Someone on Twitter asked me a question.
She read my blog post where I talked about a dude speaking inappropriately to me on Twitter. She asked me how sticking up for myself made me feel.
That is a complicated goddamn question. And I didn’t even know the question was complicated until someone asked.
My initial reaction was to respond standing up for myself felt good. Which is true.
I did feel good about standing up for myself, but that certainly isn’t all I felt. Not by a damn sight.
One thing that triggers a severe anxiety spike is confrontation.
Doesn’t matter what kind of confrontation. Confrontations make me want to run away, scream and hide, and perhaps vomit.
For five years, I was a boss with a staff of 14 people. Confrontations were going to goddamn happen. I hated the being boss confrontations.
For any single work confrontation I’ve ever had, if I had been given the choice to avoid the confrontation by having a finger chopped off, I would be typing this post with my nose.
If I am in a position to defend myself, then logic dictates I am in a confrontation.

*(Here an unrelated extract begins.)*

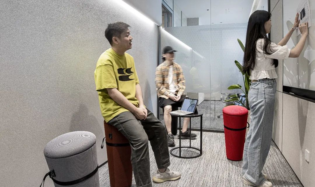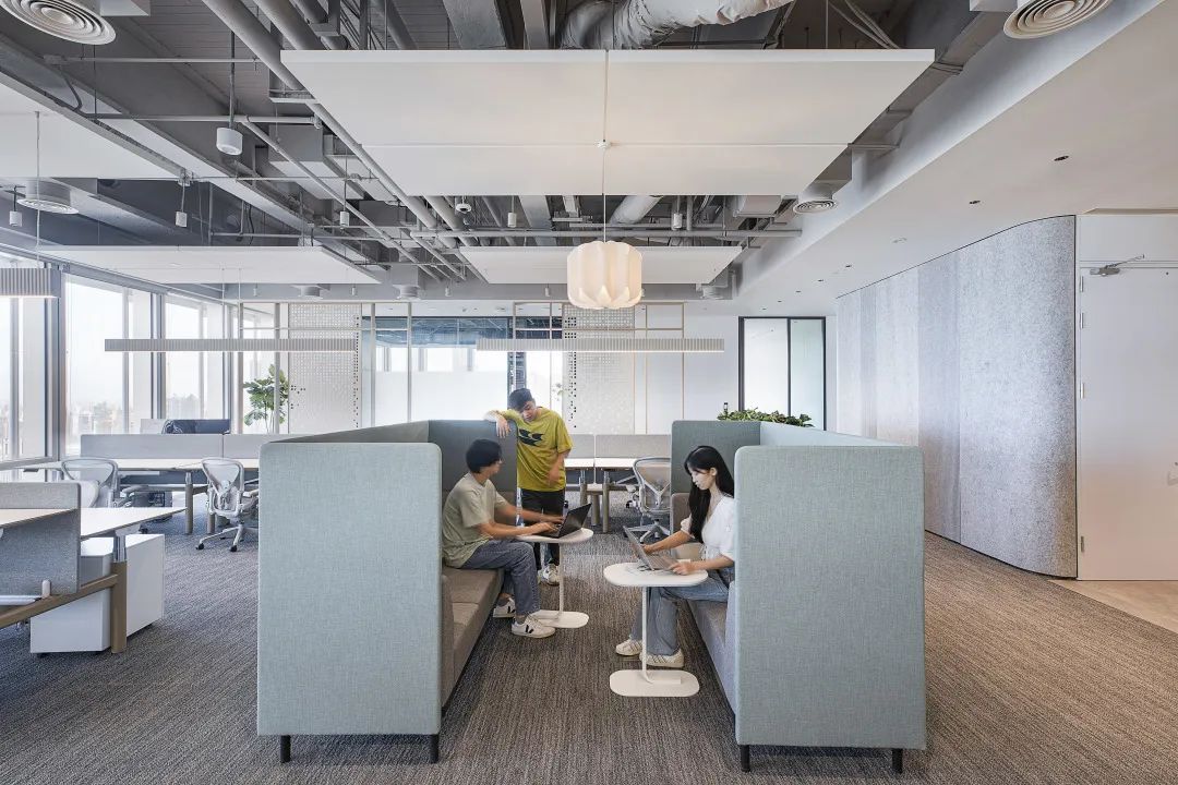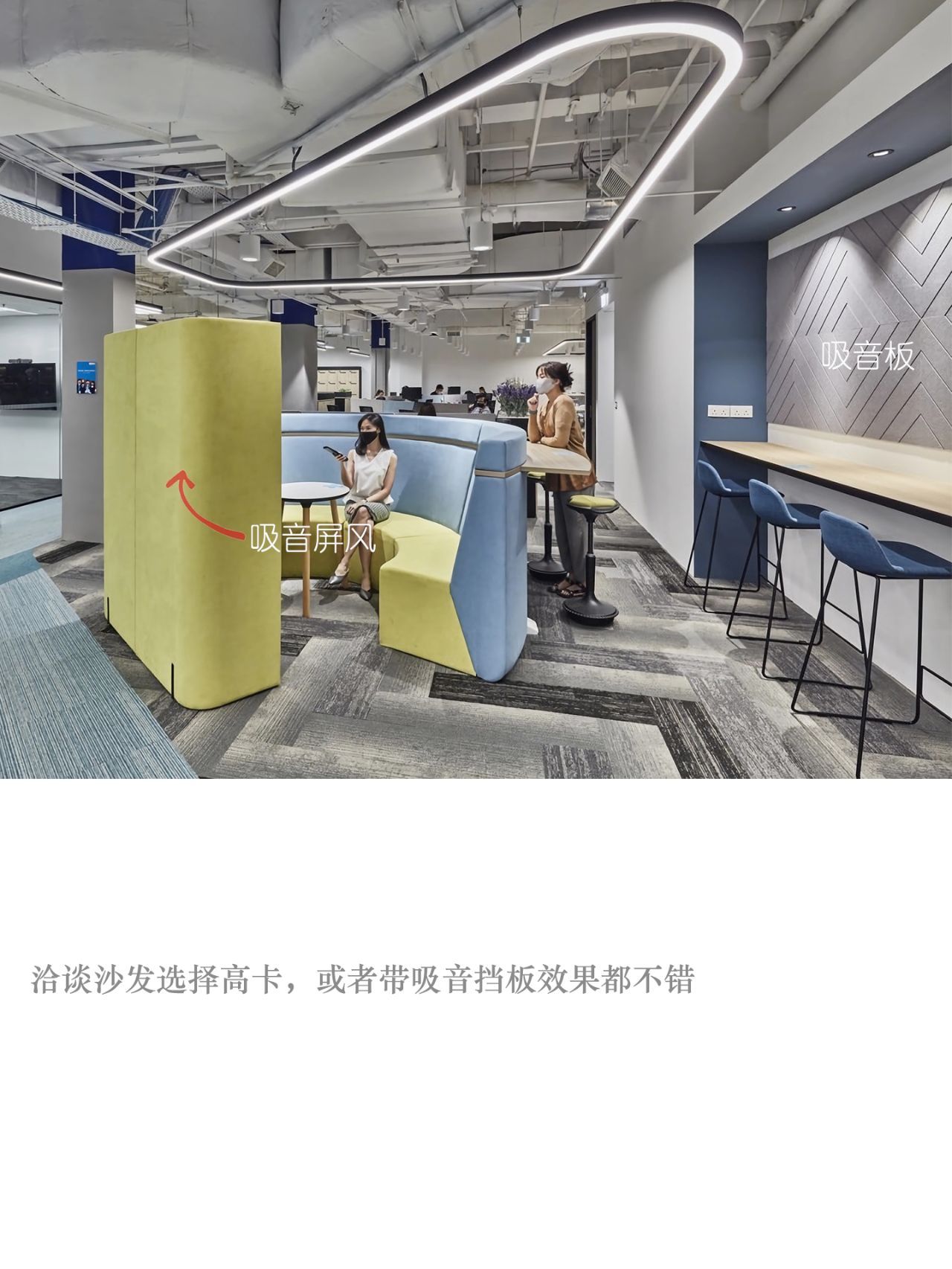 建筑的外立面不可改动,但又为了改善室内的光环境,我们利用顶部的白色金属板将户外的阳光进行二次反射,来扩大自然光线在室内的照射深度,同时利用建筑外立面的窗台的现有结构,设计出了一条卡座阅读区,和一些站立式办公工位。

So, I am anxious as fuck which feels terrible. I can say defending myself feels good, which is true, but it’s also one of my worst case scenarios.
I thought about why I immediately gravitated toward giving a voice to “it feels really good to stick up for myself” feelings and wanted to push aside the “I want to crawl into a hole and die” feelings. I mean other than the obvious. Don’t we all want a happy ending? Not in the hand job way. Not that there is anything wrong with hand jobs.
I shoved aside the negative feelings because I feel angry that I can’t just will anxiety away.
Then, I reminded myself I’ve never been able to will away anxiety.
I can try to mitigate the anxiety as best I can with deep breathing exercises, constant self talk, and sometimes bourbon, but I can’t make it go away.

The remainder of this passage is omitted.